I recently published a book called What Are They Thinking? Conversations with Australian Philosophers.
One reason I did this was purely selfish—I wanted an excuse to keep having interesting philosophical conversations after finishing my PhD. Another reason was that having had some experience teaching philosophy to adults who had no academic background, I knew that there are people out there who are interested in philosophy but intimidated by its difficulty. I wanted to put together a book where people could ‘eavesdrop’ on a number of conversations with actual working philosophers, written in an accessible way.
A third reason I wrote the book was to demonstrate the value and joy of philosophy at a time when the Commonwealth government had decided that philosophy (along with a number of other subjects) was not to be encouraged among new university students; rather it would be actively discouraged via the tripling of fees. Australia needed ‘job-ready graduates’—the implication being that philosophy makes no-one ready for any particular job at all. In fact philosophical training is hugely valuable in a knowledge economy—but the more important point is that education should be about how to live, not just about how to work.

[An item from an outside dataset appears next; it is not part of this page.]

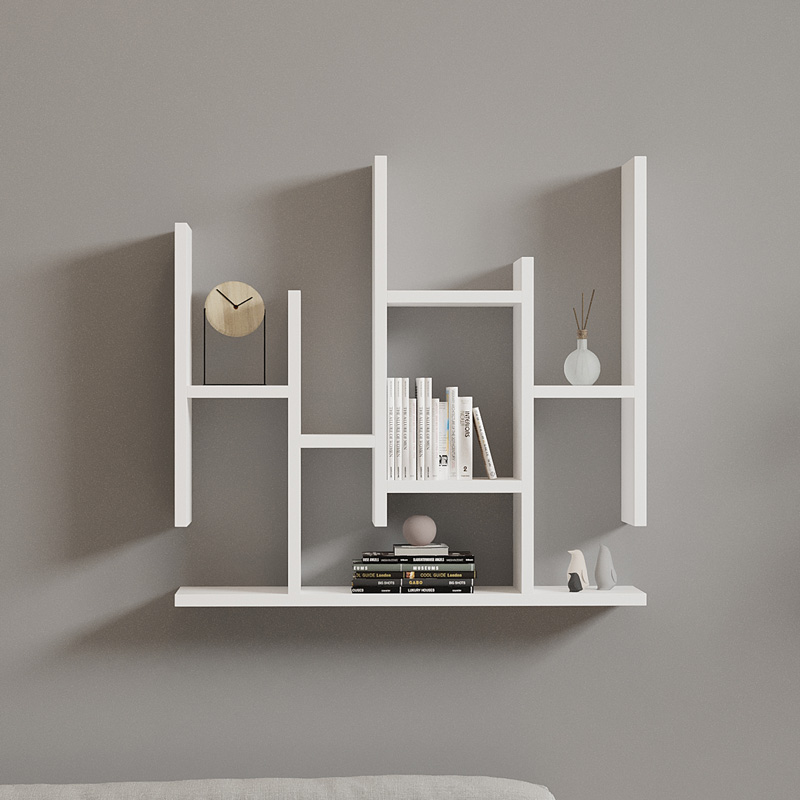 Ραφιέρα τοίχου Bemba pakoworld σε λευκή απόχρωση 70×19,6×68,8εκ Η επιτοίχια ραφιέρα Bemba ξεχωρίζει με τον μοναδικό, αρχιτεκτονικά εμπνευσμένο σχεδιασμό της, προσφέροντας μια εντυπωσιακή και λειτουργική προσθήκη σε κάθε σύγχρονο χώρο. Η δυναμική της σύνθεση, με κάθετα και οριζόντια ράφια σε διαφορετικά ύψη και μήκη, δημιουργεί ένα εντυπωσιακό αποτέλεσμα που αναδεικνύει τον τοίχο και προσθέτει μια αίσθηση βάθους και κίνησης.Τεχνικά χαρακτηριστικά: Κατασκευή από μοριοσανίδα 18mm με επένδυση μελαμίνης υψηλής ποιότητας με αντοχή στην καταπόνηση και στη φθορά. Η ραφιέρα διαθέτει μια σύνθεση από κάθετα και οριζόντια ράφια, δημιουργώντας ένα μοναδικό και εντυπωσιακό γεωμετρικό μοτίβο. Παρέχει αρκετό χώρο για την αποθήκευση και την προβολή βιβλίων, διακοσμητικών αντικειμένων και άλλων προσωπικών ειδών. Η επιτοίχια τοποθέτηση εξοικονομεί χώρο και δημιουργεί μια αίσθηση ελαφρότητας και ευρυχωρίας. Ιδανική για το σαλόνι, το υπνοδωμάτιο, το γραφείο ή οποιονδήποτε άλλο χώρο όπου χρειάζεστε λειτουργική αποθήκευση και μοντέρνο στυλ. Προσφέρεται σε χρώμα: λευκό Διάσταση προϊόντος: Μήκος: 70 εκ. Πλάτος: 19,60 εκ. Ύψος: 68,80 εκ. Παρατηρήσεις: Το προϊόν παραδίδεται αμοντάριστο σε εργοστασιακή συσκευασία , με αναλυτικό οδηγό συναρμολόγησης. Η χρωματική απόχρωση του προϊόντος ενδέχεται να διαφέρει ελαφρώς σε σχέση με την φωτογραφική απεικόνισή του στην οθόνη σας.η επιτοίχια ραφιέρα bemba είναι η ιδανική επιλογή για όσους αναζητούν ένα έπιπλο που συνδυάζει λειτουργικότητα, μοντέρνο σχεδιασμό και καλλιτεχνική έκφραση.

I started each conversation with the question: ‘What is philosophy?’. One of the glories of the discipline is that it includes this question. For me, the answer has something to do with the questions that lie behind other questions. Every question we can ask has other questions behind it—for example, somewhere in the background of the question ‘what will I have for lunch today?’ lies a whole range of questions about human flourishing—and as soon as we start to consider these ‘questions behind’ then we are moving, I think, in a philosophical direction.
Each philosopher answered the ‘what is philosophy’ question differently, and the answers were interesting; but as a reviewer pointed out in The Age newspaper, ‘more meaningful and instructive than any broad explanation they might offer is the way their own practice unfolds within these conversations.’ Conversation is a good way to do philosophy. Socrates knew it; today a lot of podcasters know it too. A fair question to ask about my book is why it is not a series of podcasts. The answer is that while the dialogue form is important to me, I wanted each piece to be more than a transcript—each is a carefully crafted piece of writing; each is even, I hope, a small philosophical contribution in itself.
We covered a lot of ground. With Daniel Halliday I talked about capitalism and political economy; Margaret Cameron and I discussed the history of philosophy and the medieval contribution. Greg Restall explained logical pluralism; Christopher Cordner explored the place of love and attention in our moral lives. Kristie Miller stretched my brain by making me think about the nature of time and how it passes, and Bronwyn Finnigan shared her latest thinking about Buddhist contributions to dealing with fear. Moira Gatens showed how Spinoza (no feminist) can inform feminist thought; Seth Lazar explained how new technologies are changing the power relations within which we live. Dalia Nassar brought German Romantic thought up against our current environmental challenges, and Peter Singer described his move from hedonistic to preference utilitarianism and back again.
As I read back over these descriptions I realise they are inadequate—in each case we roamed over many different aspects of the philosopher’s work and of philosophy itself. I’m very grateful to each of the philosophers involved. I hope this book will be interesting to people ‘in the game’ of professional philosophy, as well as the merely curious. One of the philosophers in the book told me that she looked forward to reading it to find out what her colleagues were up to! I hope also that it will be picked up by a young person, perhaps doing a first year philosophy subject or two, perhaps not, who will be moved by some of the questions explored in the book, disturbed by them, unable to let them go. This person will go on to study more philosophy, both formally and informally, and the habits of thought this allows them to form will shape all of their thinking, and, indeed, their approach to their life. This may in fact help them to be very valuable to a prospective employer, but that’s not why they do it. They do it because they are thinking creatures and they are excited about where their thought may take them.